- Theatrical release poster
- Directed by: Ani Alva Helfer
- Written by: Ani Alva Helfer Sandra Percich
- Produced by: Sandro Ventura Macarena Ventura Adolfo Aguilar Israel Carmen
- Starring: Patricia Barreto André Silva Angélica Aragón Marisol Aguirre Anahí de Cárdenas Marisa Minetti
- Cinematography: Hugo Shinki Higa D.F.P
- Music by: Santiago León Falcón
- Production companies: Big Bang Films Diamond Films
- Release date: April 14, 2022;
- Running time: 115 minutes
- Country: Peru
- Language: Spanish

= Don't Call Me Spinster 2 =

Don't Call Me Spinster 2 (Spanish: No me digas solterona 2) is a 2022 Peruvian comedy film directed by Ani Alva Helfer, written by Helfer and Sandra Percich, starring Patricia Barreto and André Silva.

== Synopsis ==
To overcome the evils of love, Patricia becomes José Luis's cloth of tears: his best friend is unexpectedly devastated by a recent love breakup.
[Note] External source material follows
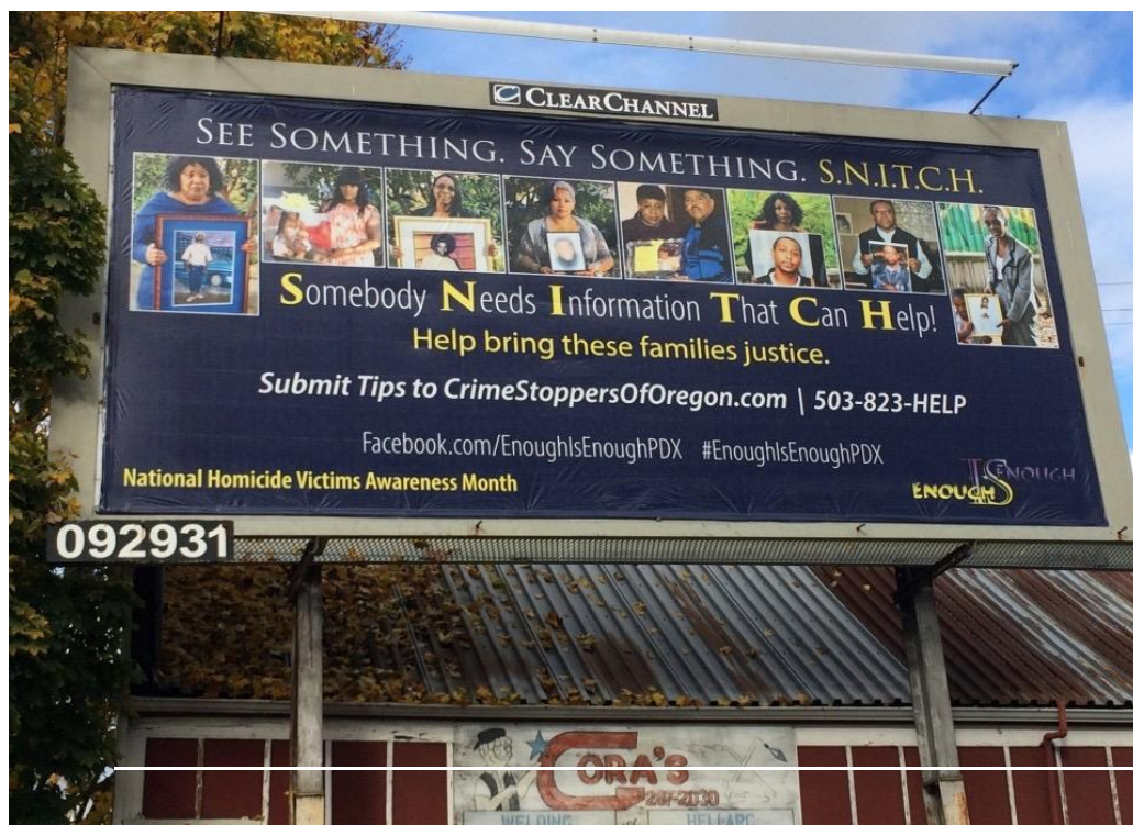
Figure 2 Enough is Enough PDX Billboard (Bernstien 2015)

“We are a supporter of the community-lead campaign but it's the citizens that are driving the process of Enough is Enough. They're going after their 501-C3 status now so they can hold money.”

Patricia agrees to advise him, but soon realizes that she is in love with him.

== Cast ==

- Patricia Barreto as Patricia "Patty" Ramírez.
- André Silva as José Luis "Pepe Lucho".
- Angélica Aragón as Tencha.
- Marisol Aguirre as María Gracia.
- Anahí de Cárdenas as Sol.
- Natalia Salas as Mariana.
- Rodrigo Sánchez Patiño as Ricardo "Richi".
- Fiorella Rodríguez as Mercedes "Meche".
- Maricarmen Marín as Emily.
- Slavic Yiddá as Chío.
- Claret Quea as "El Mota".
- Adolfo Aguilar as Gianluca.
- Regina Alcóver as Fernanda.
- Mabel Duclos.
- Marisa Minetti.
- Andrés Vílchez as Vasco.
- Rony Ramírez as "El Green".
- Javier Saveedra as Fernando.
- Ekaterina Konychev as Russian.
- Tito Vega as Waiter.
- Merly Morello as Dance teacher.
- Luciana León Barandiaran as Disco Entertainer.
- Alvaro Sedano.
- Thiago Vernal as Dance Student.

== Idealization ==
In March 2019, it was announced that a second part of the film, which would be filmed and recorded in Lima, Peru; during November 2019, it would be released in 2020, but the film was delayed until due time, due to the impact of the COVID-19 pandemic on the film industry, after a long time the second part was released on April 14, 2022.

== Release and reception ==
On its first day, the film managed to attract more than 26,000 spectators to the cinema, becoming the best national premiere of the year. Within 5 days of its release, the film attracted more than 100,000 people to theaters, ending its first week with more than 108,000 viewers. Over the weeks, the film managed to attract more than 200,000 viewers, becoming the most successful national premiere of the year.